Here is how a researcher might integrate Medevidex into a standard systematic review workflow, step by step.

First, conduct your database search and screening as you normally would — PubMed, Embase, Cochrane, whatever databases your protocol specifies. Use Rayyan, Covidence, or manual screening to select your included studies. Download the full-text PDFs of all included papers.

Second, create a collection in Medevidex for your review. Name it something meaningful — "SR: Robotic vs Open PN 2020-2026" — so you can find it later. Upload all your included full-text PDFs. If supplementary files contain important data tables, upload those too.

Third, wait for processing to complete. Medevidex will extract text, tables, and figures from each PDF and index them for retrieval. For a collection of 60 papers, this typically takes minutes, not hours.

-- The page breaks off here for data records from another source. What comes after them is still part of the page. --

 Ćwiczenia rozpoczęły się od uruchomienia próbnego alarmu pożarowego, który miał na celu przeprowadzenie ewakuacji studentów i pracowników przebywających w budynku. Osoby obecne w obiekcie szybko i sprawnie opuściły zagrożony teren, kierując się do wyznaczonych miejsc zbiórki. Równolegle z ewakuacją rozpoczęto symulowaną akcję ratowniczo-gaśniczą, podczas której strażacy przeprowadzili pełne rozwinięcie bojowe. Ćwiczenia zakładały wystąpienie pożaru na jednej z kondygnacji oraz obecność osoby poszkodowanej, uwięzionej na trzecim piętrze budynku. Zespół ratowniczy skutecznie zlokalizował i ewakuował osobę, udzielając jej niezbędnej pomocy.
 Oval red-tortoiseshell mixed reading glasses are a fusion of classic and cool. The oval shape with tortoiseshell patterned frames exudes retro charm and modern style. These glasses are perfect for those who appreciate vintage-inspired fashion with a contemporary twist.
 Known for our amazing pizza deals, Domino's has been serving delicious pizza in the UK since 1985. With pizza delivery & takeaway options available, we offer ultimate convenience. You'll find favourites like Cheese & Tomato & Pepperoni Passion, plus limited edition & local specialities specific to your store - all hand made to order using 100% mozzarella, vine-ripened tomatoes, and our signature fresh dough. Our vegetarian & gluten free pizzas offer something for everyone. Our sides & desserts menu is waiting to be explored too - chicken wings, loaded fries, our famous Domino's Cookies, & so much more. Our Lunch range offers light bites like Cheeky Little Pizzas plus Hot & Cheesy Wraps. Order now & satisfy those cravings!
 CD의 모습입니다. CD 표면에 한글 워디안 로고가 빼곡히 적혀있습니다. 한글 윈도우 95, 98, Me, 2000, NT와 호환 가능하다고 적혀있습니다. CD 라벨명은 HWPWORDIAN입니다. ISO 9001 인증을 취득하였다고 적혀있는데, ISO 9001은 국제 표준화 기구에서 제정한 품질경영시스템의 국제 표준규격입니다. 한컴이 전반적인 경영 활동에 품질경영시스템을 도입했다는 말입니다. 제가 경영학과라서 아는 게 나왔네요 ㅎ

Fourth, begin your extraction queries. Start broad: "What was the study design, sample size, and primary endpoint in each included trial?" Review the results, verify against source pages, and fill your extraction spreadsheet. Then move to specific variables: "What were the operative times reported in each study?" "What were the positive surgical margin rates?" "How was functional outcome assessed?" Each query scans your entire collection and returns cited answers.

Fifth, use comparative queries to identify heterogeneity and inform your analysis plan. "What definition of chronic kidney disease was used across studies?" "How was complication severity graded — Clavien-Dindo, CTCAE, or other?" These queries give you the methodological landscape before you start the statistical work.

09

Beyond systematic reviews: other research applications

While systematic reviews are the most obvious use case, the same capabilities apply to any research task that involves extracting information from multiple documents. Writing a narrative review? Upload the key papers and ask synthesising questions. Preparing a research proposal? Upload the existing literature and query for gaps, methodologies, and outcome measures used in prior work.

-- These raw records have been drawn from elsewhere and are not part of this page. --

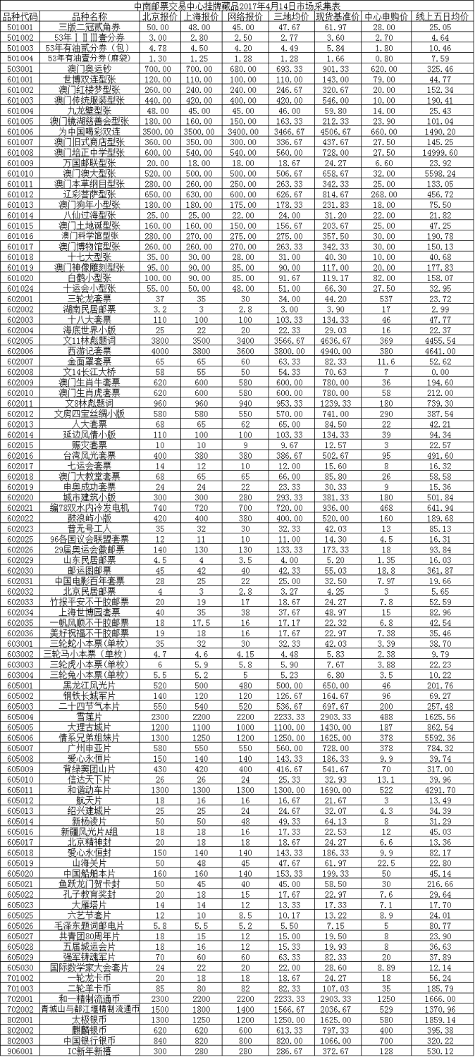 您的当前位置: 首页 > 邮币卡资讯 >中南邮票交易中心挂牌藏品2017年4月14日市场采集表
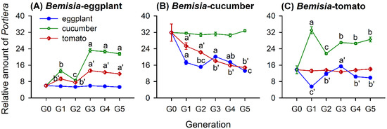 Relative amounts of Portiera (mean ± SE) in whitefly populations of Bemisia-eggplants (A), Bemisia-cucumbers (B), and Bemisia-tomatoes (C) transferred to natal and novel host-plant species for different generations, ranging from G0 to G5. The relative amount of each symbiont taxon was normalized using β-actin and calculated by the 2-ΔCt method. Different lowercase letters and lowercase letter variants, i.e., a′, b’ and c′, around the error bars indicate significant differences among different generations after a transfer to a novel host-plant species (p < 0.05, Tukey’s HSD test).
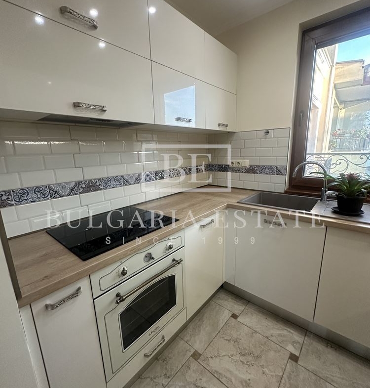 Жилището е с напълно монтирана и оборудвана кухня с висок клас електроуреди – миялна машина, хладилник, фризер, индукционни котлони, фурна, аспиратор и др.
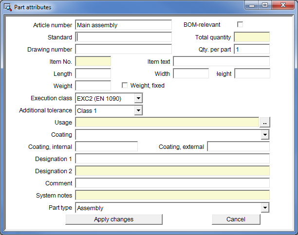 The drawing now only consists of one empty main assembly. The BIM status im ICN
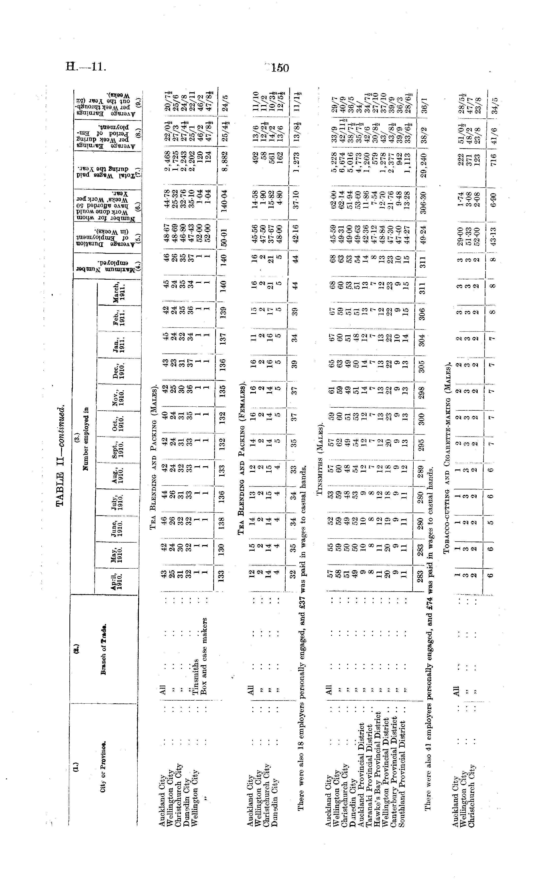 (1.) (2.) (3.) 1 S a o a .. CO a E 3Zrl •a ,• a a rr tr a a ?7.) £-r a a m tar- 3 F a - tr err f- co m3 (8.) i-,-acN a P tg- - f_ a m%x S g SJt» Number employed in City or Province, Branch of Trad*. — . April, May, June, | July, Aug., Sept., Oct., 1910. 1910. 1910. I 1910. 1910. 1910. 1910. Nov., Dec., Jan.. ! Feb., March, 1910. 1910. 1911. 1911. 1911. i r* « •§1 es spa (5.) (-■> Auckland City . . . . All .. .. 43 42 : 46 44 42 , 42 I 40 42 43 45 I 42 I 45 46 4867 ; 44-78 2 468 22/0* ■ 25 24 ; 26 26 24! 24; 24 25 23 24 24 24 26 48-69 j 25-32 1725 27/3 Chnstchurch City 31 30 32 31 32 31 31 30 31 32 35 35 35 4680 32-76 2 243 27/4* Danedin City , 32 32 32 33 33 33 35 36 37 34 36 34 37 4743 35-10 2 202 t/n Wellmgton City .. Tinsmiths .. 1 , 1 X 111 1 1 \ 1 1 1 1 %&\ I20 46/2 .. Box and case makers .. 1 1 1 | 1 1 1 I 1 111 1 1 5200 I 104 124 47/8* 42 24 30 32 1 1 Tea 46 26 32 32 1 1 Blending and Packing (Males). 44 42 42 I 40 42 26 24 24 [ 24 25 31 32 31 31 30 33 33 33 35 36 1 111 1 1 1 j 1 j 1 1 43 23 31 37 1 ' 1 45 I 24 I 32 i 34 : 1 1 j 42 I 24 35 I 36 1 1 45 24 35 34 1 1 46 26 35 37 1 1 48-67 48-69 46-80 47-43 5200 5200 44-71 25-3! 32-71 35-K 10 102.461 1,721 2,24! 2,20: 12( 12< 22/0* 27/3 27/4* 25/1 46/2 47/8* 20/7* 25/6 24/8 22/11 46/2 47/8* ; .—. 1. . 1 1 __, 1 1 :. ; _ 133 1 130 j 138 136! l33 | 132 | 132 I 135 I 136 137' 139 140 ! 140 15001 ! 140-04 ' 8,882 25/4* ! 24/5 Tea Blending and Packing (Females). Auckland City .. ..All 12 15 j 14 13 12 14 : 16 . 16 16 11 15 16 16:45-56 14-58 492 13/6 Wellington City .. .. „ 9 3 2 2 2 2 2; 2 2 2! 2 2 ■■ 2 47-50: 1-90 58 2/2* D™-dt U ct y 'I l t ] l t 15 a 15 a U U ! U 16 16 17 21 21 37 ' 67 : 15 '82 561 141 DanedmCity .. .. „ 4 4 4 4 4 5 5; 5 5 5 5 5 5 4800 4-80 162 13/6 32 35! 34' 34 33 35 37' 37 39 34 39' 44 44 4216 3710 1.273 13/8* there were also 18 employers personally engaged, and £37 was paid in wages to casual hands. ' 11/2 ' 10/3* I 12/5* 11/1* Tinsmiths (Males). Auckland City .. .. All 57 55 52 I 53 57 57 59 61 , 65 ; 67 : 67 : 68 68 45-59 I 0200 5 228 33/9 Wellington City 58 59 59 59 60 62 60 59 63 60 59 60 63 4931' 6214 6 674 42/111 Christchurch City , 51 50 49 48 48 49 51 49 49 51! 51 53 53 49 00: 5194 5 0 6 38/7' DtinedmCity . • • . -- ., 49 50 ; 52 53 54 54 53 51 50 48! 51 51 54 49-63 [ 53-60 4 773 35/7? Auckland Provincial District .. , 9 10 10 9 12 12 12 14 14 12 13 13 14 42-36 1186 in fJ,J Taranaki Provincial District .. , 8 8 8 g - - - 7 7 7 7 7 8 47 fl 7 S '*n% fJL Hawke's Bay Provincial District „ .. .. 11 11 12 12 12 12 13 13 13 13 12 12 ll 4884 i 12-70 1278 fy* Wellington Provincial District .. „ 20 20 19! 18 18 ! 20 23 22 22 22 22 23 23 47-30 2176 9vn Iq/si Canterbury Provincial District 9 9 9 9 9 9 9 9 9 10 9 9 W 4t!o 9-Is '942 39/9 1 Southland Provincial District .. , n ; U u 12 13 13 13 13 U 15 15 lg u .£ j*§| , jfg g^ 283 283 ! 280 28ft 980 9Qcc onn 00c qok ortA one on n,t 7TT. ZTTTZT TTTTTT - I TTrTTT~^~ 29/7 40/9 36/5 34/ 34/7* 27/10 37/10 39/9 36/3 28/6* I I ZS3 I z»3 ; ZSU I -ZesV \ 2«y ; 295 I 300 I 298 \ 305 ! 304 I 306 ! 311 | 311 | 4924 I 306-30 i 29 240 I 38/2 i lhere were also 41 employers personally engaged, and £74 was paid in wages to casual hands. 283 I 283 j 280 | 280 [ 289 | 295 | 300 I 298 ■as paid in wages to casual hands. 305 304 I 306 I 311 ! 311 ! 49-24 I 306-30 I 29.240 | 38/2 ! 36/1 Tobacco-cutting and Cigarette-making (Males). Auckland City .. . . All . . .. 1 1 1 1 12 9 9 9 9 q ■> a , on An . „., „„ r, ,«, Wellington City .. 3 3 2 3 3 3 ( t -> I I I I o : ri'll ''I 4 222 51/0 * : Christchurch riv " " " o n t . t\ 3 3 3 3 3 3 3 3 61 ' 33 3 ' 08 371 48/2 Christchurch City .. . I 2 J2j _!_| 2 2 2 2,52-00 2-08 123 23/8 6 6 56 6 I 7 I 7 7 7 I 7 8 8 ! 8 ! 43-13 6-90 716 41/6 ' Tobacco -cutting and Cigakette-making (M. 1 11 1 12 2 2 3 3 2 3 33 3 3 2 2 2 2 2; 2 2 2 i 6 6 6 ! 7 ! 7 7 LES). 2 3 2 ! 2 I 3 2 7 3 3 3 1 29-00 j 1-74 222 51/0* | 3 3 3 [ 51-33 3-08 371 48/2 2 2 2 ; 52-00 2-08 , 123 23/8 8 8 ! 8 j 43-13 6-90 716 41/6 I 28/5* 47/7 23/8 34/5

Grant applications are another practical use case. When writing the background section of a grant proposal, you need to cite specific findings from specific papers. Instead of re-reading fifteen papers to find the passage you half-remember, query your collection: "What were the reported recurrence rates after partial nephrectomy in studies published since 2022?" The retrieved passages, with citations, give you exactly what you need for your background section — and the citations are already verified.

For clinical researchers juggling multiple projects, Medevidex collections serve as organised, queryable literature repositories for each project. Your bladder cancer systematic review in one collection. Your renal cell carcinoma prognostic study in another. Your department's clinical audit literature in a third. Each is independently searchable, and the documents are always available — no more hunting through folders on your desktop to find which PDF belongs to which project.